Based on ovarian structure, the representatives of the genus Inimicus do not differ from the majority of teleost fishes: oocytes develop in ovigerous lamellae attached to the dorsal side of the ovary, and ovulated oocytes are concentrated in the ovarian cavity in the ventral part of the gonad (Watanabe, 2006; this study). This gonadal structure is indicated as cystovarian type II-1 (Takano, 1989, cited by: Koya and Muñoz, 2007). Many other representatives of the suborder Scorpaenoidei with egg clutches embedded into gelatinous matrix are characterized by a unique ovarian structure. The ovigerous stroma surrounded by oocytes is located in the center of the ovary, it is attached to the ovarian wall only in the anterior part of the ovary, the internal ovarial wall and ovigerous tissues are lined with secretory cells producing gelatinous matrix, oocytes develop on peduncles, and oocytes are embedded into gelatinous matrix after ovulation (McMillan, 2007). This gonadal structure is designated as cystovarian type II-3 (Takano, 1989, cited by: Koya and Muñoz, 2007). The egg clutches of these fishes are represented by empty structures with the eggs located at the periphery; the clutches have bilobed shapes or they are spawned by two structures at the same time (Wourms, 1991; Pavlov and Emel’yanova, 2013). A similar production of gelatinous matrix is described in other teleost fish species, for example, in Hexagrammos octogrammus (Scorpaeniformes: Hexagrammidae) (Koya et al., 1993) and Lophiomus setigerus (Lophiiformes: Lophiidae) (Yoneda et al., 1998). However, these fishes possess ovaries of type II-1.
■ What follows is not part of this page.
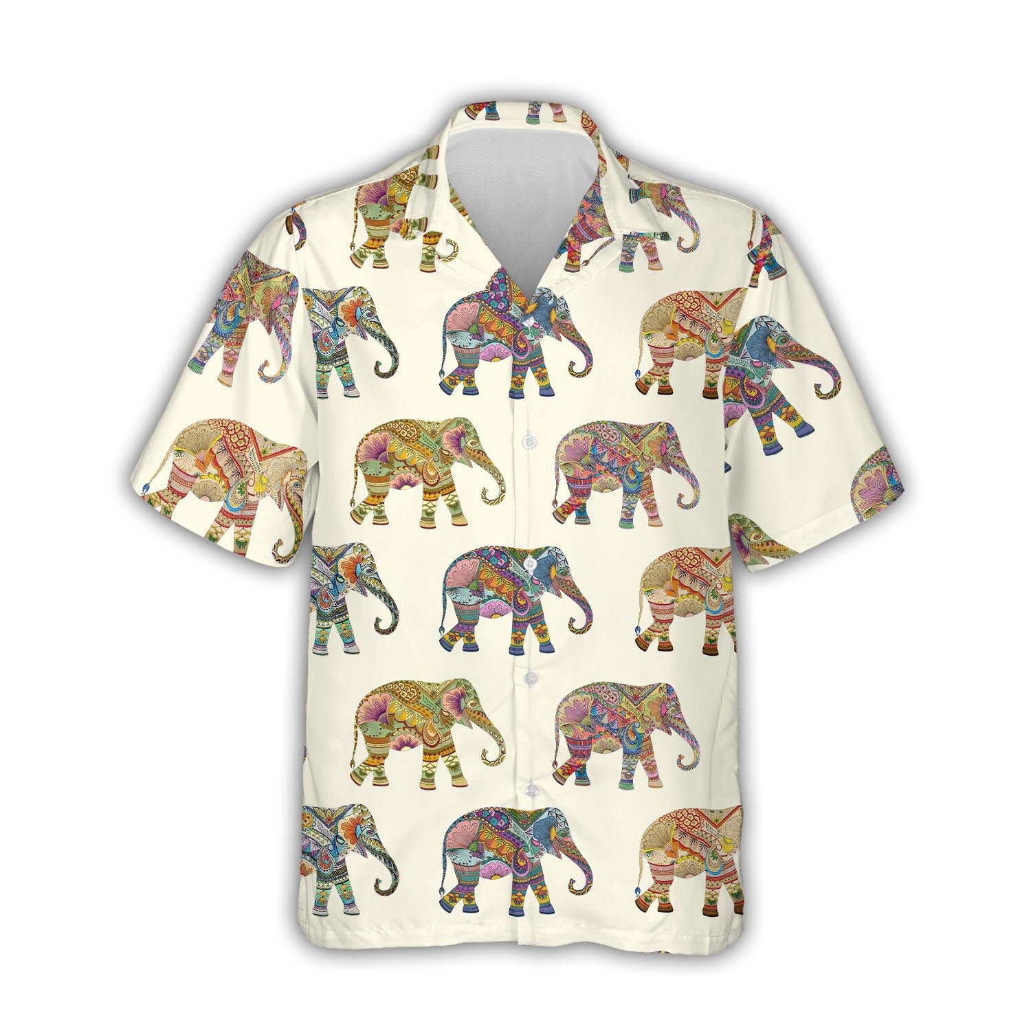 Vintage Brocade Elephant Summer 3D Print Beach Hawaiian Shirt, Elephant Lover Button Down Aloha Shirt Gift

The following hypothesis is proposed to explain the variation of the scorpaenoid reproductive system. The generalized ovarian type (II-1) remained in the viviparous species of the genera Sebastes and Sebastiscus, and the type II-3 usual for other representatives of the suborder is more derived (Koya and Muñoz, 2007), which is in accordance with the phylogenetic scheme of Imamura (2004). The validity of this hypothesis is violated by the presence of ovarian type II-1 in at least the representatives of the genus Inimicus. Based on a recent phylogenetic scheme of the order Scorpaeniformes constructed with the use of a large number of morphological and molecular characters, the viviparous species of the genera Sebastes and Sebastiscus are the most derived (Smith et al., 2018), which is in accordance with traditional opinions on viviparity evolution of fishes (Wourms, 1991; Pavlov and Emel’yanova, 2010, 2013). Based on the phylogenetic scheme (Smith et al., 2018. Fig. 3), Synanceiidae and Scorpaenidae + Sebastidae (in traditional interpretation of these families (Smith and Wheeler, 2004)) are included into two large clades, and the second clade is interpreted as the family Scorpaenidae. Within the clade Synanceiidae, the genus Inimicus is characterized by ovaries of type II-1, but the representatives of the genus Synanceia possess demersal egg clutches embedded into gelatinous matrix (Fewings and Squire, 1999) and have ovaries of type II-3 (our unpublished data). Within the clade Scorpaenidae, the majority of genera are characterized by ovaries of type II-3, but the genera Helicolenus (type II-3), Sebastiscus, and Sebastes (type II-1) form the single subclade. The species of the genus Helicolenus release fertilized eggs at early developmental stages followed by copulation and internal insemination: a spawning mode called zygoparity or embryoparity) (Wourms, 1991; Koya and Muñoz, 2007). Thus, based on the current phylogenetic scheme (Smith et al., 2018), parallel and independent evolutionary development (homoplasy) of the unique (for fishes) ovarian type II-3 is proposed. A possibility of this development is questionable, and none of the existing phylogenetic schemes gives a satisfactory explanation.